**RECORDS FOR PROCESSING:**
[Start of Attachment]
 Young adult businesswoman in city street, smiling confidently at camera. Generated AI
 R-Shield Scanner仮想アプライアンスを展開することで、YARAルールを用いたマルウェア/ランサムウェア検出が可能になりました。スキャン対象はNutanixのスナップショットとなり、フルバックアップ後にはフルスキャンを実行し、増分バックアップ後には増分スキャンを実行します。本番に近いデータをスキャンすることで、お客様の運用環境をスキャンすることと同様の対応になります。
[End of Attachment]
[Start of Attachment]
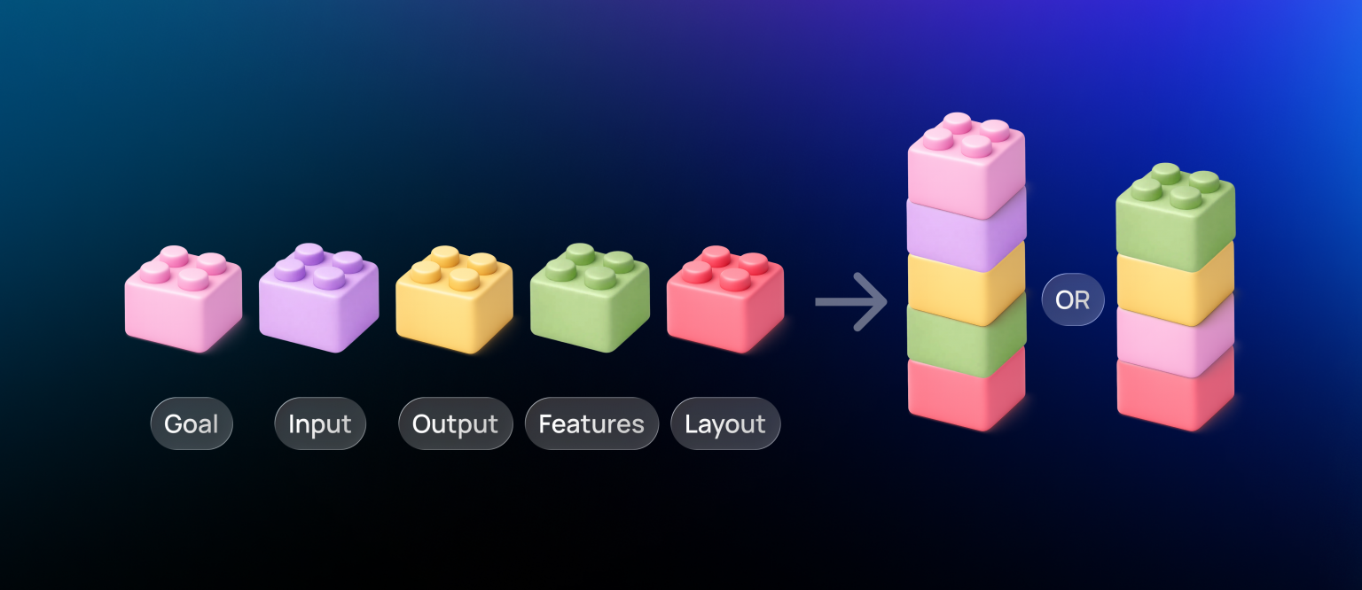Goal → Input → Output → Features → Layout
[End of Attachment]
**WHAT TO DO:** Print, from the entries above, the line with "Young adult businesswoman", the line with "R-Shield Scann" and all lines between them, exactly and with nothing else.

**EXERCISE SOLUTION:**
 Young adult businesswoman in city street, smiling confidently at camera. Generated AI
 R-Shield Scanner仮想アプライアンスを展開することで、YARAルールを用いたマルウェア/ランサムウェア検出が可能になりました。スキャン対象はNutanixのスナップショットとなり、フルバックアップ後にはフルスキャンを実行し、増分バックアップ後には増分スキャンを実行します。本番に近いデータをスキャンすることで、お客様の運用環境をスキャンすることと同様の対応になります。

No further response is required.